- _WORK ORDER_
Retype all of the listing exactly, passing over any picture you find.

- _SOURCE DATA_
----

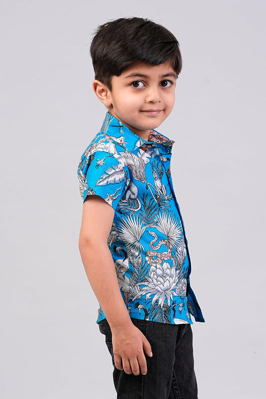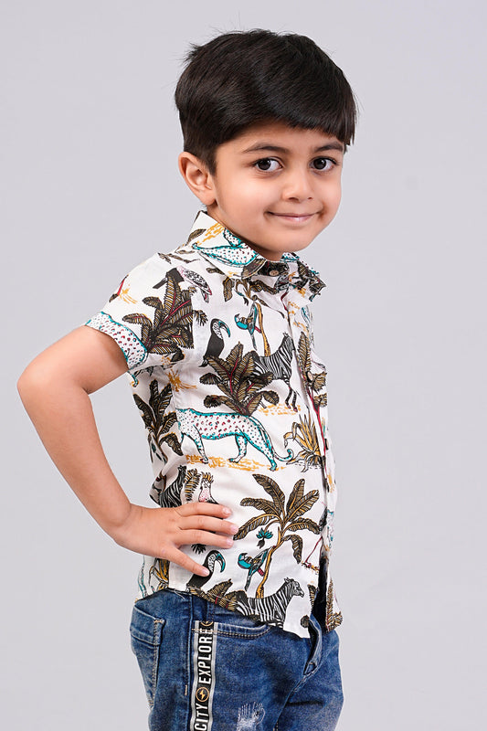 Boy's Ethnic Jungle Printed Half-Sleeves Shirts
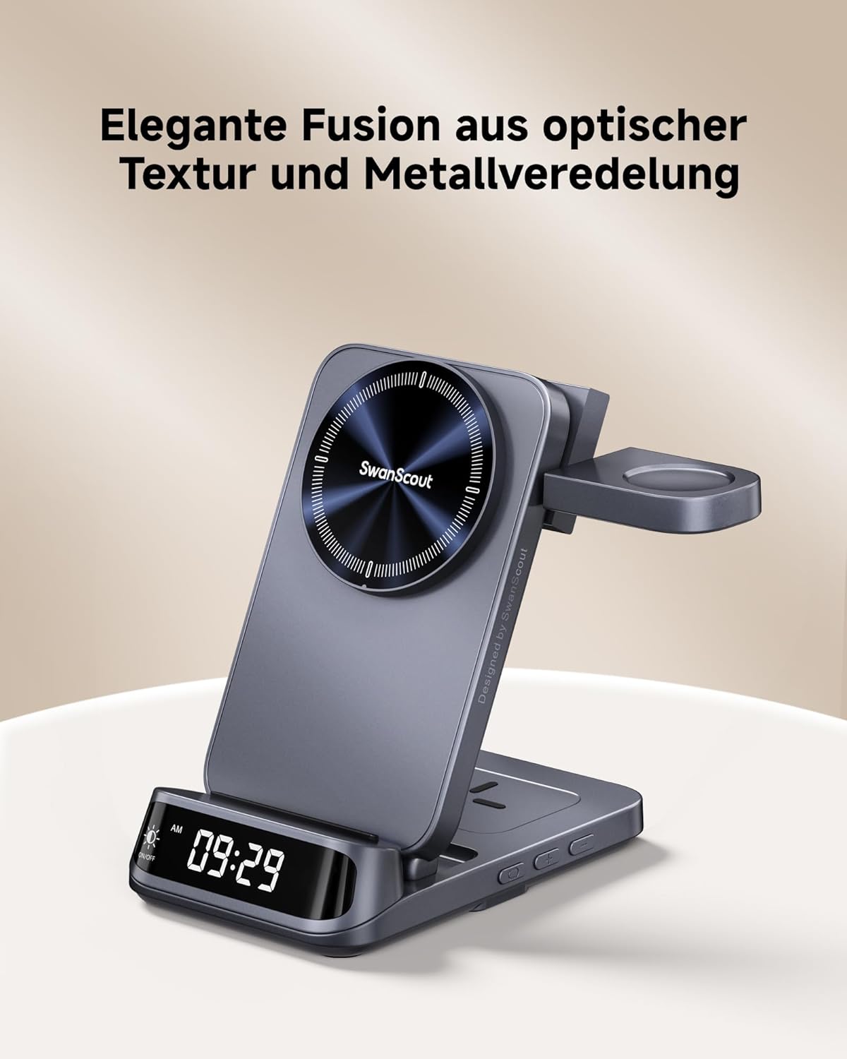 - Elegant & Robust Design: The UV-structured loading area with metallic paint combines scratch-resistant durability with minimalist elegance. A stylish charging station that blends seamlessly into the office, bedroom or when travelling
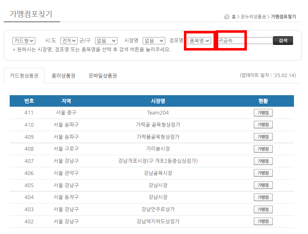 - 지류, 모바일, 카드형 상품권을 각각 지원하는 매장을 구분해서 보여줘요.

----

- _RESPONSE AREA_
 Boy's Ethnic Jungle Printed Half-Sleeves Shirts
 - Elegant & Robust Design: The UV-structured loading area with metallic paint combines scratch-resistant durability with minimalist elegance. A stylish charging station that blends seamlessly into the office, bedroom or when travelling
 - 지류, 모바일, 카드형 상품권을 각각 지원하는 매장을 구분해서 보여줘요.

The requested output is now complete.